Examples: there are { (4, 7), (2, 3), (7, 2), (8, 1), (5, 4), (9, 6) }6 pixel positions.
The variance is calculated for x, y, respectively. The variance in the x-direction is greater. Thus first divided in the x-direction: 2,4,5,7,8,9. Taking the intermediate value 7, there are left branches (2, 4, 5) and right branches (8, 9).
Then dividing in the y direction, taking the median value 4 from 3,4 and 7, and taking 6 from 1 and 6 to obtain the binary tree.
In this way, when the feature point matching is performed, the shortest path searching and matching can be directly performed on the binary tree according to the size of the numerical value, so that the most efficient image matching is realized.
However, if there is only one-way search, then the result is not necessarily the closest point to the Q point, and a trace-back operation is also required, i.e., to determine whether there are more points in the unviewed (or visited) tree branches that are closer to Q, or whether the distance |q (k) -m| "between Q and the unviewed tree branches is less than the distance of Q to the current nearest neighbor. From the geometric space, it is determined whether or not a hyper-sphere centered on Q and at dis intersects a hyper-rectangle represented by an unvisited tree branch. If the two branches intersect, the distance represented by the Q and the branches is calculated continuously, otherwise, the distance is skipped directly and not considered.
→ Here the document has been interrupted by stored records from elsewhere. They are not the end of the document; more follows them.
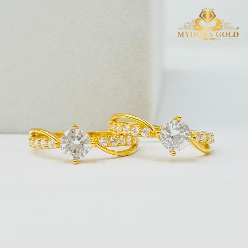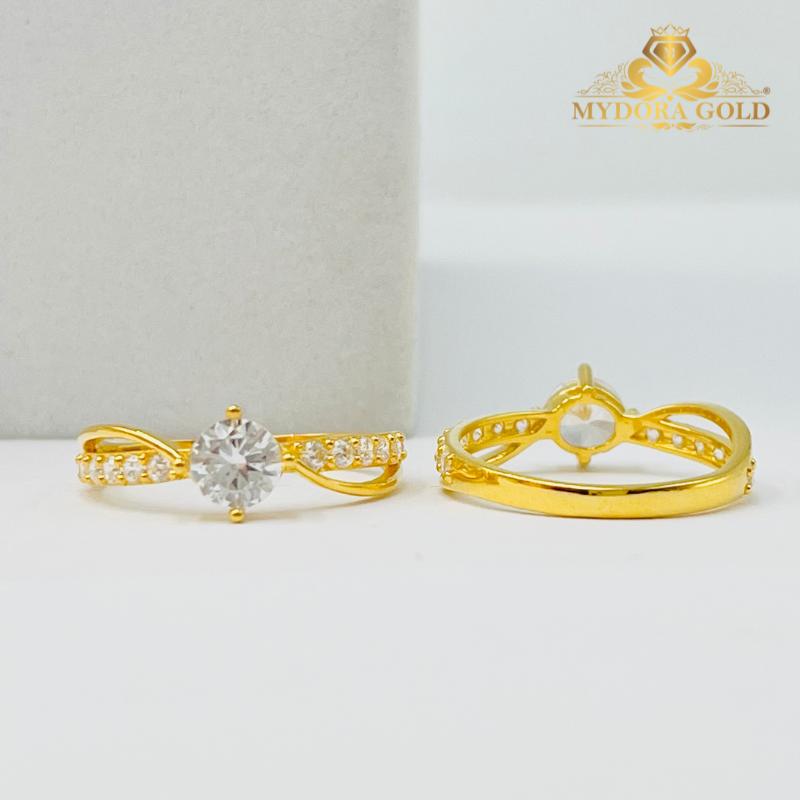 This MYDORA Cincin Batu CZ Galaxy Cross is a stunning gold ring crafted from 916/22K gold, featuring a dazzling Zirconia stone in the shape of a galaxy cross.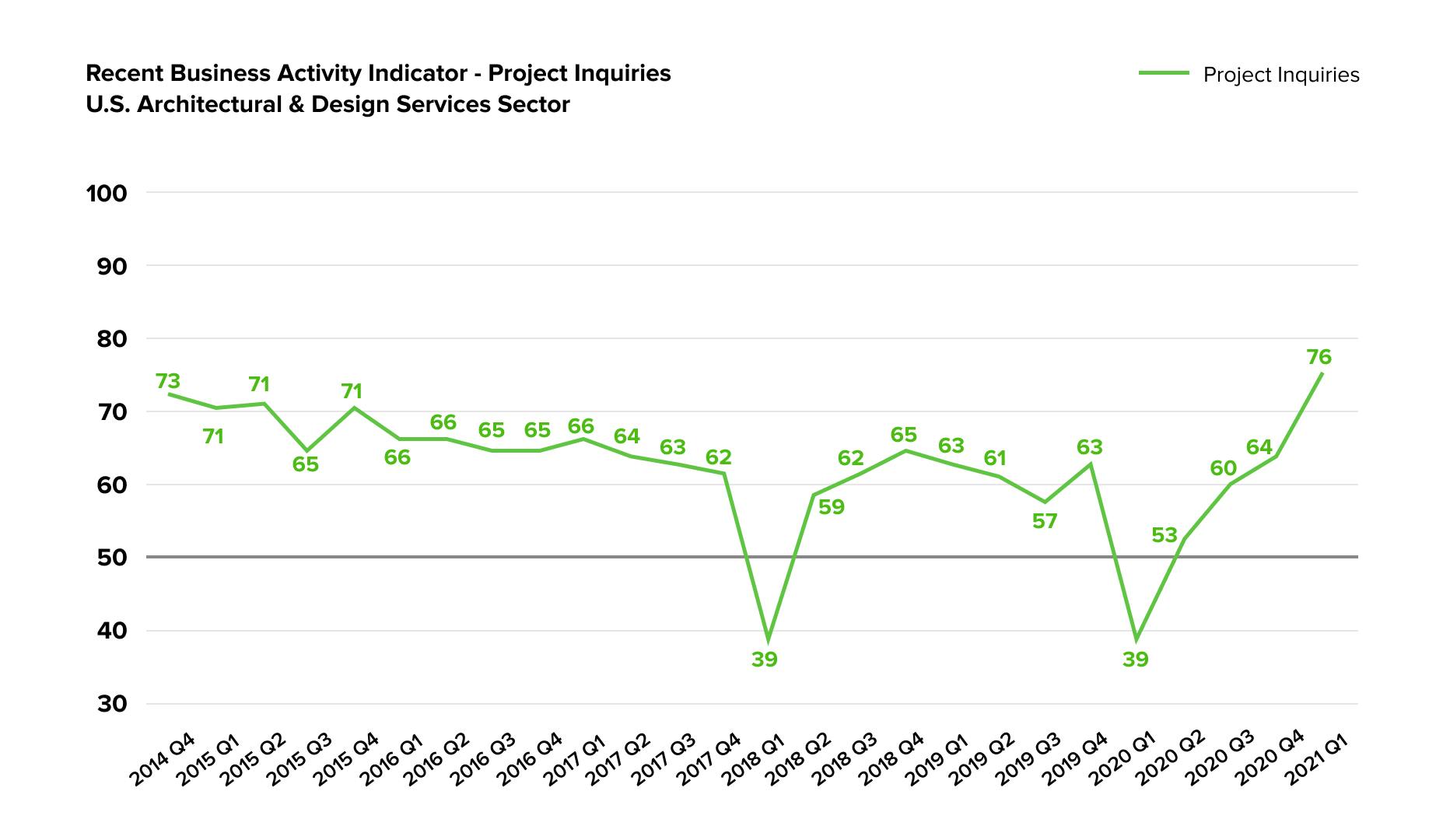 This robust demand for services indicates that wait times for projects to begin will get longer and that project timelines will shift and grow, resulting in sustained demand for these professionals. Wait times are already a month longer than a year ago at 9.3 weeks for construction professionals and 8.4 weeks for architecture and design professionals. Pent-up demand for services is one of the main reasons that 2021 looks like a standout year for the industry.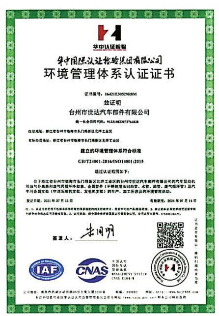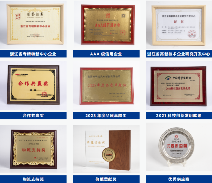 台州市世达汽车部件有限公司是浙江省成长型中小企业重点培育企业,获得了临海市五十强企业、台州市清洁生产企业、台州市高新技术企业等荣誉称号。公司重视人才培养,注重产品开发,与国内外汽车制造商和各高校长期合作,拥有一流的实验检测设备,并获得国家发明专利。在杭州浙江大学创业园成立“伟达研发中心”建立了完善的管理体系和质量保证体系,公司已通过IATF16949国际质量体系认证和ISO14001体系认证。

If the intersection occurs indicating that the backtracking point is closer to the Q point, otherwise, the result point is already the nearest point. Then, by comparing the pixel values between the nearest point and the Q point, since there are tens of Q in one image, tens of comparison relations are formed, and when the values in the correspondence relation are similar to the feature description and more similar to the adjacent frames of the image, then it can be considered that a closed loop is formed at this time.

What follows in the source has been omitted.